Глава 22 Ну а вдруг?

Пятница, как много в этом звуке…

Каждый студент, школьник и работающий по найму ждет ее, как ребенок — Деда Мороза. Тот, кто составлял расписание, понимал это и поставил нам в пятницу пять уроков вместо традиционных шести. Низкий ему поклон!

Чем мне нравилась наша классная Елена Ивановна, она очень редко проводила классный час, запланированный шестым уроком: молодой учительнице тоже не хотелось портить себе пятницу. Но не сегодня. Сегодня она решила перестраховаться, потому что в школе переполох, скоро нагрянут проверки и, возможно, покатится голова дрэка. Как бы мне ни хотелось уйти, лучше классную не подставлять.
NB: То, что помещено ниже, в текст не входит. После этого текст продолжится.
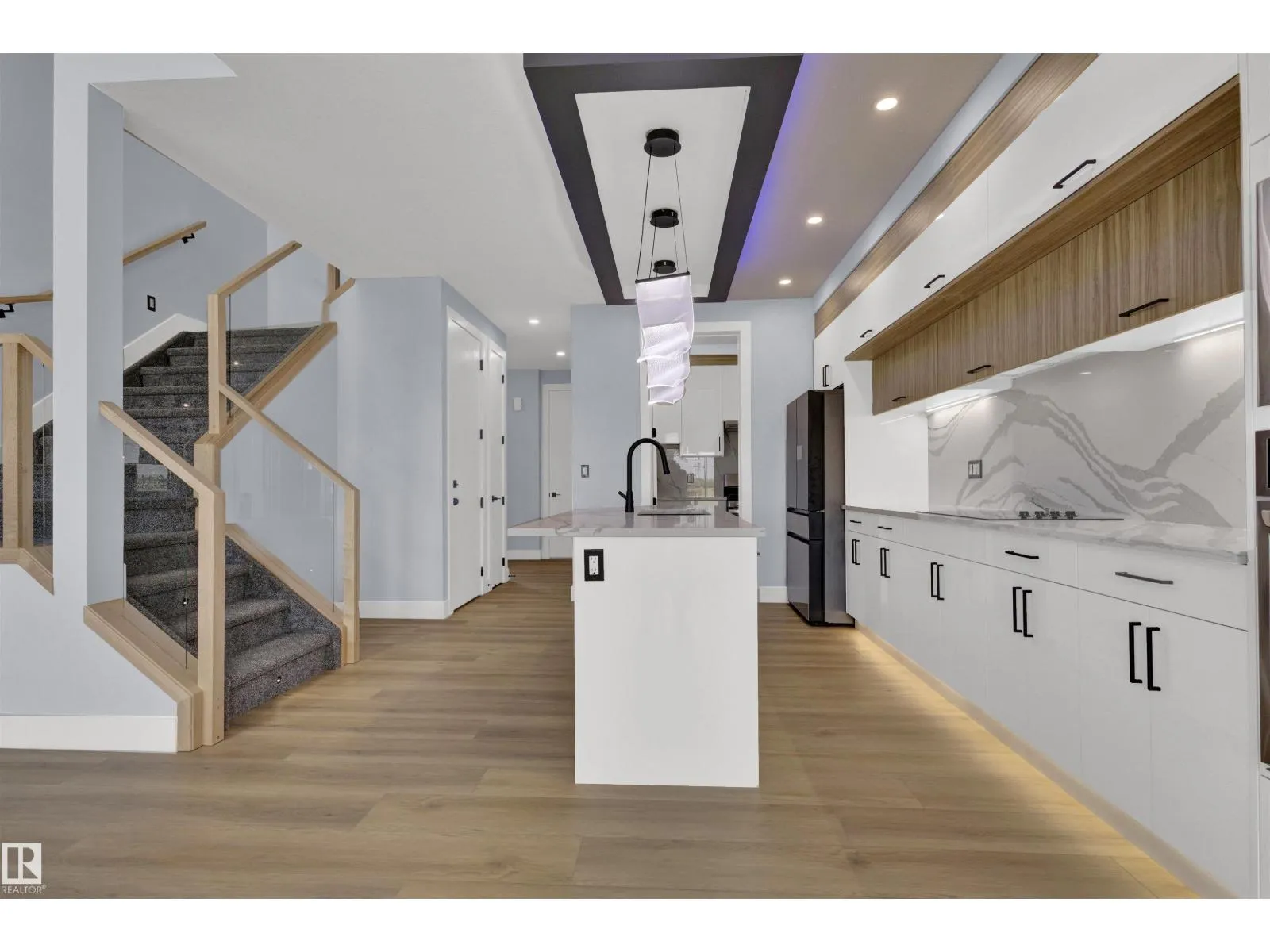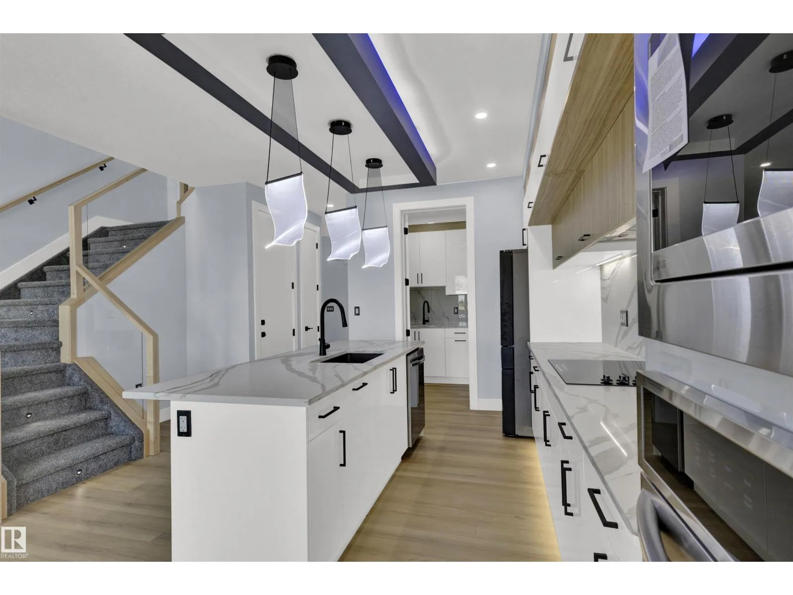 Welcome to this fully customized semi-detached home in the sought-after Gorman community of Edmonton! This stunning property features an open-to-below ceiling in the living room, a gourmet kitchen plus a separate spice kitchen, and a stylish half bath on the main floor. Upstairs, the spacious primary bedroom boasts a private balcony, walk-in closet, and luxurious 5pc ensuite. Youâll also find a versatile bonus room, two additional bedrooms, and convenient upstairs laundry. The finished basement offers a 2-bedroom legal suiteâperfect for extended family or rental income. Enjoy the completed deck, perfect for outdoor relaxation. Plus easy access to Anthony Henday Drive and nearby grocery stores, making daily life a breeze. This home blends comfort, elegance, and functionality in a prime locationâdonât miss it! (id:27476)

Потому после пятого урока все собрались под дверью кабинета биологии, включая помятого Кабанова, мрачного и набыченного. С Райко он демонстративно не общался, да и с Памфиловым не особо, как говорится, присутствовал, отсутствуя.

Я отлично его понимал: жил себе парень, как сыр в масле катался. Деньги, статус, сытая красивая жизнь, а потом вдруг щелк — и все. И оказалось, что приятели дружили не с тобой, а с твоей сытой жизнью и статусом. Это закончилось, и ты утратил ценность, перестал быть равным и превратился в мальчика на побегушках, за которого подписываться в драке — себя не уважать.
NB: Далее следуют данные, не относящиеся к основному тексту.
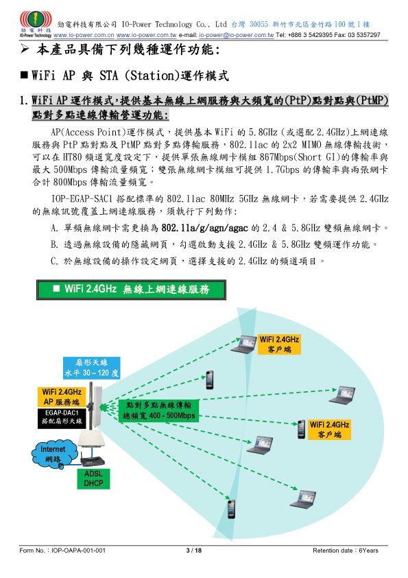 2x2 MIMO 高功率27dBm (500mW)輸出 |

В РПГшках есть песочницы, где нубы отыгрывают взрослую жизнь. Школа — та же песочница, те же проблемы, но поменьше калибром, и примерять социальные роли, разруливать проблемы надо учиться уже здесь. Тем, кто думал, что песок в песочнице — для того, чтобы прятать голову, потом придется ой как несладко. А родители, старающиеся оградить чад от стресса, делают им медвежью услугу.
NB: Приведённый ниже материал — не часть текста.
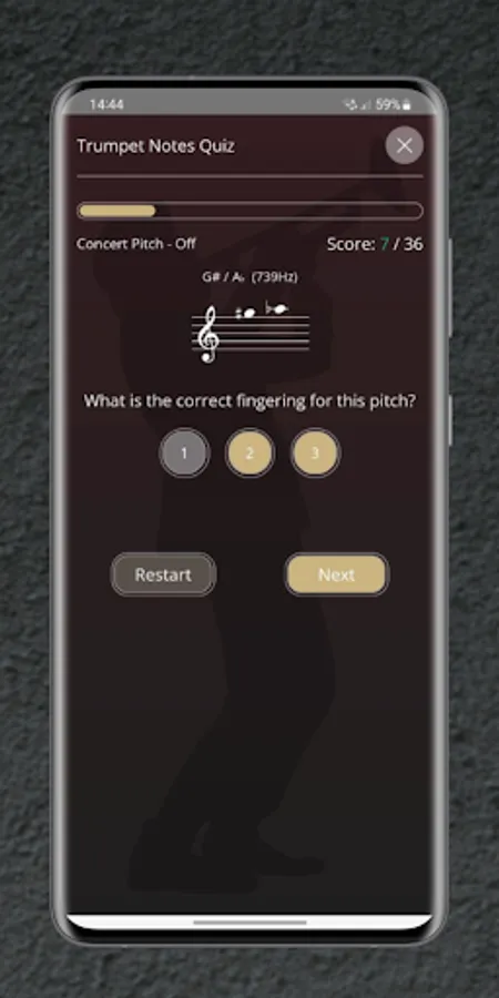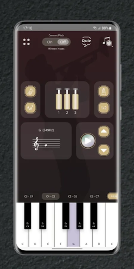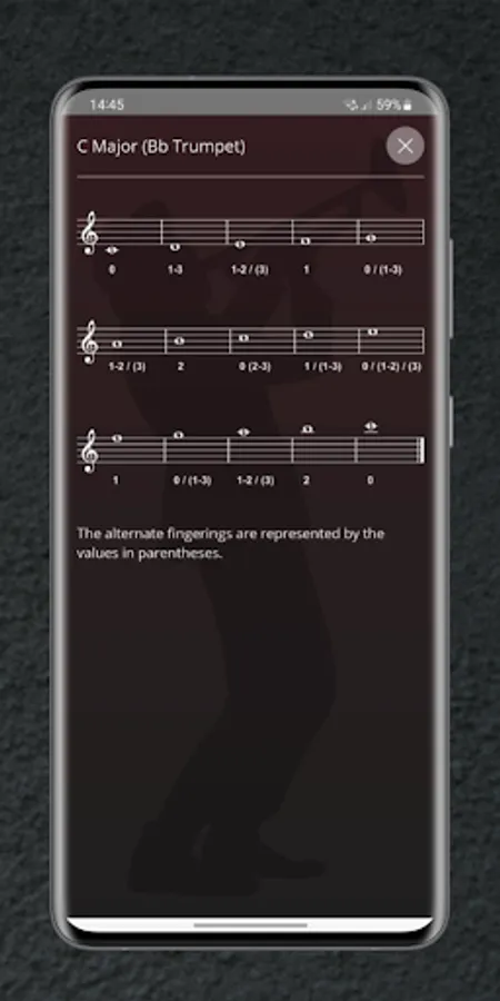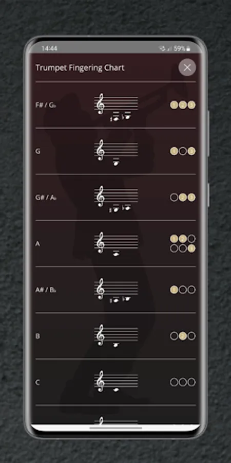 To help users get started, an onboarding guide is provided that explains how to use the trumpet fingering chart. Additionally, users can study trumpet notes through a quiz.

Это как переболеть всеми болезнями в садике, а к школе выработать иммунитет. Тот, кто просидел на печи, потом просто сдохнет от болячек.

К нам подошли Кабанчик с Памфиловым. Санек, отводя взгляд, протянул руку.

— Спасибо, Пашка. Не думал, честно… — Он тряхнул головой. — Думал, хана мне, ребра переломают.

Боковым зрением я следил за Райко, вокруг которого вились Барик, Плям и Заславский, сверлили нас взглядами, перешептывались. Если Кабанчик с Памфиловым к нам переметнутся, эти останутся в меньшинстве, и уже они будут ушки прижимать. Потом, например, после каникул, они сделают вид, что ничего не было, и полезут дружить. Но для начала повоюют, побарахтаются.

— Проехали, — сказал я. — Ты как вообще, цел? Без переломов?

— Синяки только, — скривился Санек.

— Чего они на тебя наехали? — спросил я.

Кабанов позеленел, взгляд его потускнел, и он махнул рукой.

— Расскажи, вдруг проблема решаема? — настаивал я.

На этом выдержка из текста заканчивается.